Namanya hidup, masalah itu seperti teman. Mau tak mau, siap tak siap, dia pasti akan datang. Entah akan tinggal lama atau hanya singgah sementara.
Pelajaran hari ini adalah,
Jangan nilai buku dari sampulnya, jangan pernah menganggap seseorang yang kuat di luar itu bebas dari masalah.Ini seperti lelucon yang konyol bahkan tidak pernah terbayang dan tidak akan tertebak.
"Terserah kamu mau jadi apa. Papa udah gak peduli. Ibu sama anak sama aja. Makin didiamkan, makin ngelunjak."
Terngiang seperti melodi lagu. Kata-kata yang penuh dengan masa bodo itu mengambil alih otak Ivan untuk terus dia ingat.
Pernah merasa tertusuk jarum? Ah tidak. Rasanya terlalu ringan.
Bagaimana dengan tersayat pisau hingga berdarah dan nyeri hingga tulang?
Itu cukup mewakilkan perasaan yang Ivan rasakan sekarang.Seperti anak terbuang, tersisihkan, tak diinginkan.
Dia sempat bertanya pada Tuhan.
Apa guna dia dilahirkan ?Frustrasi. Pasti. Tapi, satu yang menguatkannya. Nadia.
Perempuan yang sudah dua bulan jadi kekasihnya. Hanya itulah yang tersisa.Papa mamanya mungkin punya urusan yang lebih penting di luar sana dari pada mencurahkan kewajibannya sebagai orangtua. Terserah. Ivan sudah tidak peduli. Toh selama ini, dirinya bisa hidup tanpa keduanya.
Lahir sebagai putera tunggal dari keluarga Gunawan, Ivan sendiri berhasil tumbuh mengandalkan seorang ibu yang berprofesi sebagai pengasuhnya sejak usia tiga tahun.
Kedua orangtuanya sibuk dengan pekerjaan. Belum lagi sang papa hanya pulang dalam waktu yang bisa dihitung.

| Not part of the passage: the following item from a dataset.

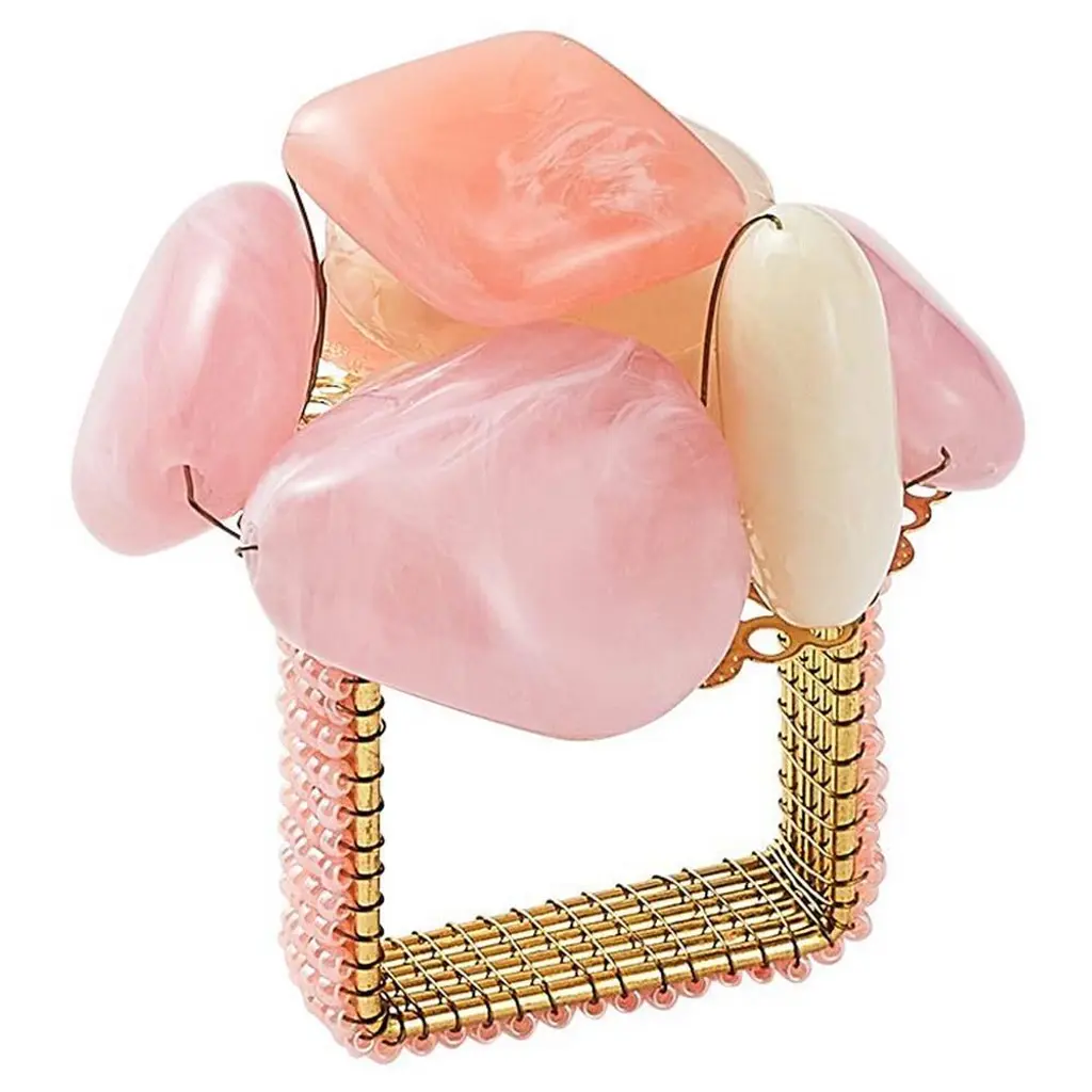 Sea Stone Coastal Beach White Acrylic Beaded Napkin Ring - Set Of 4

Seorang anak yang tumbuh tanpa kasih sayang orangtua sedikit banyak bisa membentuk pola pikir dan tingkah laku. Mungkin itu yang terjadi pada Ivan. Terlebih, sikap yang dia tunjukkan di sekolah sering mendapat komplainan dari guru dan teman-temannya.
***
Entah sudah berapa lama ninja itu menyusuri aspal jalanan. Belok ke kanan, ke kiri, tidak jelas ke mana karena belum juga menemukan titik tujuan. Si pengendara hanya sibuk menarik gas dan mengoper gigi. Tidak ada niatnya untuk pulang meski waktu sudah menunjukkan pukul sebelas malam.
Ponsel dalam sakunya bergetar. Berulang hingga akhirnya Ivan berhenti terpaksa.

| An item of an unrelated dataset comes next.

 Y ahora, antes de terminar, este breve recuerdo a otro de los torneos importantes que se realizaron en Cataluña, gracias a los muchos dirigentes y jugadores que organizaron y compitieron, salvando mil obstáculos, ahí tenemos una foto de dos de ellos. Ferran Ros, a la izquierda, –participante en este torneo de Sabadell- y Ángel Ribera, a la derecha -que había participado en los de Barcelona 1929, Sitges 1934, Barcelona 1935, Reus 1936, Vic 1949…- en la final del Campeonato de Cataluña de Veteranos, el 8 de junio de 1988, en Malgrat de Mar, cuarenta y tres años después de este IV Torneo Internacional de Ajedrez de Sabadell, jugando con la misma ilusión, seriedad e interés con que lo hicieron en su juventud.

"Kenapa, Bi? " sapanya setelah tau nomor yang memanggil.
"....."
"Bilangin aja Ivan gak pulang malam ini. Males, paling juga dapet ceramah dari Papa, "
"...."
"Iya, Bi. Udah ya. "
Tut,, sambungan terputus.
Ivan menghela napas berat. Pulang ke mana pikirnya. Rumah itu bahkan bukan seperti rumah sesungguhnya.
"Tolong,,, tolong,,, "
Ivan mendengar seseorang meminta tolong. Dia menoleh ke belakang mendapati seorang pria paruh baya berlari memegang sebuah tas dalam pelukan di susul dua pria di belakangnya.

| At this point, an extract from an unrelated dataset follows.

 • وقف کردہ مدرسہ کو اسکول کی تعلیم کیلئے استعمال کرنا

Ivan lantas turun dari motor mencoba menolong pria itu dari kejaran dua pria lainnya.
"Pak, ada apa ini ? " tanya Ivan dengan suara lantang. Tubuhnya refleks melindungi pria yang memegang tas itu karena dengan kebetulan si pria berlari ke belakang tubuhnya.
"Gak usah ikut campur atau lo dapet masalah. "
"Nak, tolongin Bapak. Mereka rampok. Motor Bapak dibegal di sana. " adu si pria ketakutan.
Entah keberanian dari mana , rasa geram karena membayangkan kejadian yang menimpa pria yang menjadi korban ini membuat Ivan bersiap memasang kuda-kuda. Menantang dua penjahat jalanan itu untuk berkelahi.
"Lo nantangin? " kata si pria berjaket hitam.
"Gue gak bisa biarin kalian berbuat jahat. Kalo gak dihentikan sekarang, pasti akan ada korban selanjutnya. " ucap Ivan dingin.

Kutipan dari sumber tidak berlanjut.